Records supplied: Begin

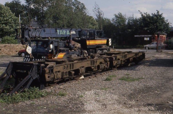 The bogies originally arrived at the Middleton Railway in June 1990 - see photo - and were the last through freight from BR onto the railway. Since then they have been stored at Middleton and more recently at the Midland Railway - Butterley. When the bogies were acquired we expected 27000 to have a more active life in preservation than has been the case, following the closure of the West Yorkshire Transport Museum. We have been paying storage for the bogies since 1990 so passing them on to the IDRS for rebuilding very much benefits both parties.
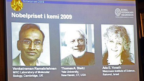 Ada E. Yonath z Izraela, Venkatraman Ramakrishnan - Amerykanin pracujący w Wielkiej Brytanii oraz Thomas A. Steitz z USA otrzymali Nagrody Nobla 2009 z chemii za "badania nad procesami kluczowymi dla życia". Naukowcy wyjaśnili, jak wygląda rybosom i jak funkcjonuje na poziomie atomów. Rybosomy są strukturami kluczowymi dla życia, przekładają bowiem informację genetyczną zawartą w DNA na białka tworzące komórki żywych organizmów. Na zdjęciu Ada Yonath. Ada E. Yonath urodziła się w 1939 r. w Jerozolimie w Izraelu. Jest pracownikiem Naukowego Instytutu Weizmanna w Rehovot w Izraelu.
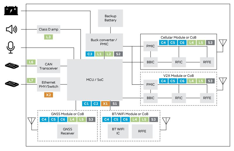 Murata’s lineup of products for use in telematics control units (TCUs), an essential element in connected cars, is introduced here.
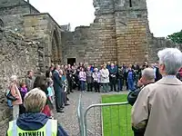 In the 16th century the abbey had been gradually secularised and protestantised; the last abbot, Archbishop Gavin Hamilton of Roplock, died at Restalrig, outside Edinburgh on 'Black Saturday, 15 June 1571, following a skirmish between the parties supporting the Queen and the opposing Protestant faction under the Earl of Morton.[2] Although he supported the Reformation, he was also a supporter of Mary Queen of Scots.[31]
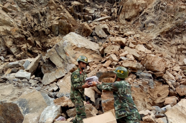 7月14日,武警交通二支队一大队的救援人员在现场进行灾情勘察。
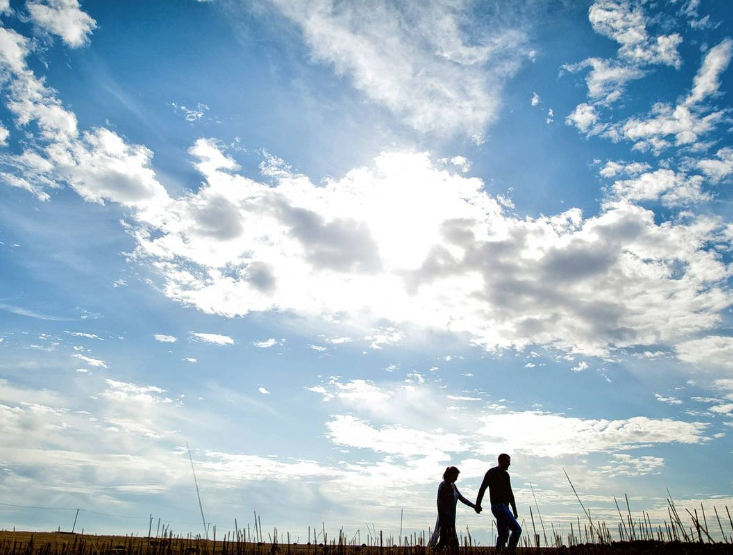 На крыше. Только сами влюбленные, никаких лишних прохожих. Снимки на фоне заката или ясного неба всегда выглядят особенно романтично.
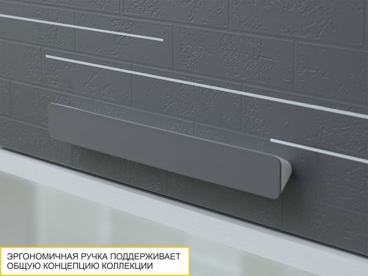 - Фасад в цвете «Графит» декорирован объемным тиснением. Рельефная текстура придает дизайну мебели выразительности, создает глубину и приятные тактильные ощущения.
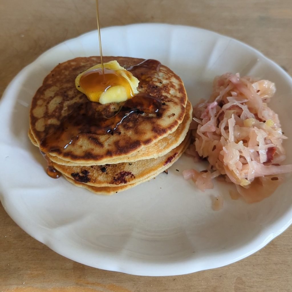 Served with a side of strawberry sauerkraut, some grass-fed butter and maple syrup!
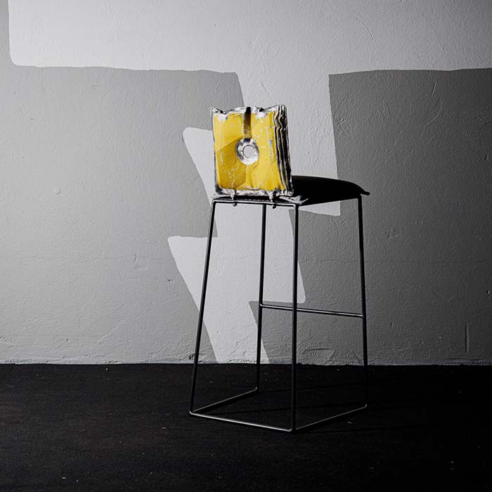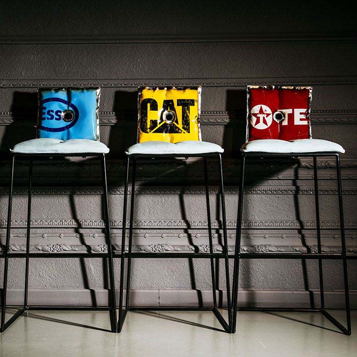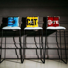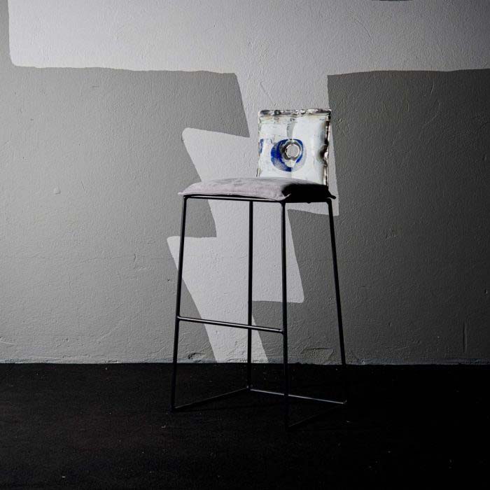 Sgabello con telaio in tondino metallico con verniciatura a polvere nera. Seduta imbottita removibile con agganci calamitati, realizzata in ecopelle di alta qualità. Schienale smontabile realizzato con lamiera recuperata di bidone, gonfiata ad aria. Finitura trasparente lucida antiossidante.

Records supplied: End

Working from the records above, reproduce exactly the lines from the one with "- Фасад в цвете" through the last line, without the pictures.

[Finished exercise]:
 - Фасад в цвете «Графит» декорирован объемным тиснением. Рельефная текстура придает дизайну мебели выразительности, создает глубину и приятные тактильные ощущения.
 Served with a side of strawberry sauerkraut, some grass-fed butter and maple syrup!
 Sgabello con telaio in tondino metallico con verniciatura a polvere nera. Seduta imbottita removibile con agganci calamitati, realizzata in ecopelle di alta qualità. Schienale smontabile realizzato con lamiera recuperata di bidone, gonfiata ad aria. Finitura trasparente lucida antiossidante.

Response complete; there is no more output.